* **Data under study**
══════════════════════════════
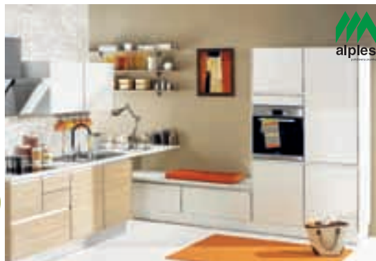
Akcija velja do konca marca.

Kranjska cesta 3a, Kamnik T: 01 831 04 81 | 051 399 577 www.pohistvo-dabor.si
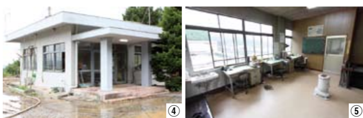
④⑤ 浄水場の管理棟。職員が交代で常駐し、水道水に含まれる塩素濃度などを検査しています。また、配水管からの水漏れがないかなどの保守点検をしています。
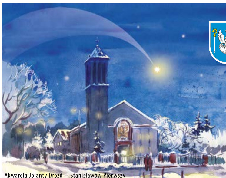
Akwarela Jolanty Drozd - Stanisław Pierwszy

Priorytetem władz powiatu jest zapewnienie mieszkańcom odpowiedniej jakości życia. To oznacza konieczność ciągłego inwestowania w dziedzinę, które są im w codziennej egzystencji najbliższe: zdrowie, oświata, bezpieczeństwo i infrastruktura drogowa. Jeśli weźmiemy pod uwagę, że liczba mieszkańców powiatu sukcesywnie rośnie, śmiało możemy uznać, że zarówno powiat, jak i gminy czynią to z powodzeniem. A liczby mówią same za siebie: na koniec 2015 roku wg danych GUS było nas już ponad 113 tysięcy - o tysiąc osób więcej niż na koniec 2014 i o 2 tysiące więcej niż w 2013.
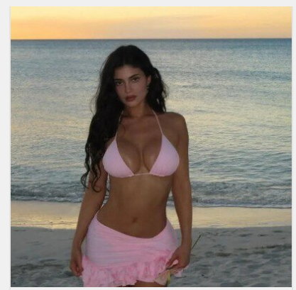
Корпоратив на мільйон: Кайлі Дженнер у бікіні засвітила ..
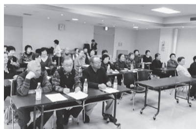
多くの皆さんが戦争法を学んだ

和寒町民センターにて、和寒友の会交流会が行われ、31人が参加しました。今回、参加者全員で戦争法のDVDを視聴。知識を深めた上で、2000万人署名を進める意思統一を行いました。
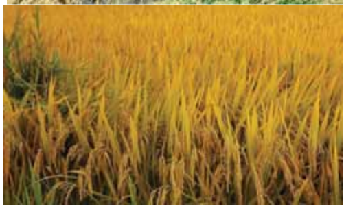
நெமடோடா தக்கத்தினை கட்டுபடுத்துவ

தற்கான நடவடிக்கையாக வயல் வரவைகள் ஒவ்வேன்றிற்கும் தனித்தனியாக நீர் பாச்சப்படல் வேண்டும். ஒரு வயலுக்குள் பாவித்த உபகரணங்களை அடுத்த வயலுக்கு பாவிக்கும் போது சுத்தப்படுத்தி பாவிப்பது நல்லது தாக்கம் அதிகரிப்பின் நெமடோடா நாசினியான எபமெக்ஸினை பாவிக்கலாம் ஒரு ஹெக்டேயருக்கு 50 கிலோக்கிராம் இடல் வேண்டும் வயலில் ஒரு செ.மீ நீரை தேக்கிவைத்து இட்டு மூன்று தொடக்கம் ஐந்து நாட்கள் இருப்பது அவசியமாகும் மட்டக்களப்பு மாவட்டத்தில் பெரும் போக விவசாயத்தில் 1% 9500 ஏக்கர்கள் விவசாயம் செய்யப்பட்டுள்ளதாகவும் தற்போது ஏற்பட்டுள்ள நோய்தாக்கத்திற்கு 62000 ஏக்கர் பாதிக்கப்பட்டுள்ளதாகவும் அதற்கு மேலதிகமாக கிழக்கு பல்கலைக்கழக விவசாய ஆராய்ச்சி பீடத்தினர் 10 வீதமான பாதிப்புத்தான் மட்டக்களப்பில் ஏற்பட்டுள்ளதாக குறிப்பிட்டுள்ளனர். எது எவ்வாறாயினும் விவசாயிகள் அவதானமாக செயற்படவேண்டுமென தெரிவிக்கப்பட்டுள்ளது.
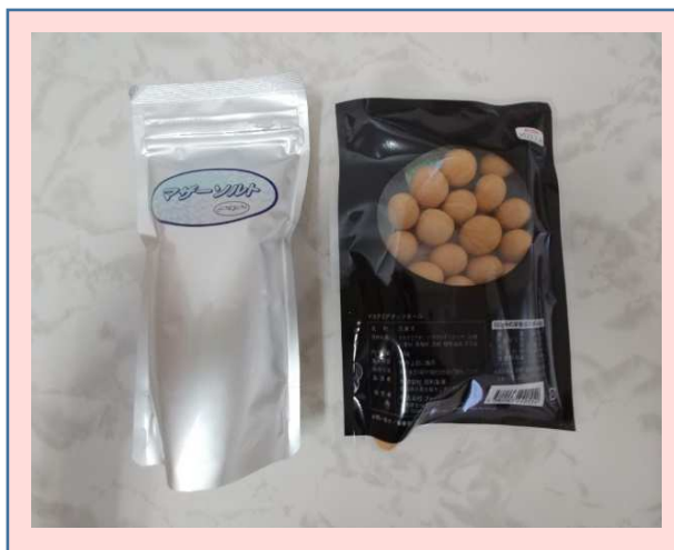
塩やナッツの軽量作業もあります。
══════════════════════════════
Start at the line containing "和寒町民センターにて、和寒友" above and stop at the line containing "நெமடோடா தக்கத்தினை கட்டுபடுத்துவ". Output those lines exactly, both included, but none of the pictures.

* **The answer**
和寒町民センターにて、和寒友の会交流会が行われ、31人が参加しました。今回、参加者全員で戦争法のDVDを視聴。知識を深めた上で、2000万人署名を進める意思統一を行いました。
நெமடோடா தக்கத்தினை கட்டுபடுத்துவ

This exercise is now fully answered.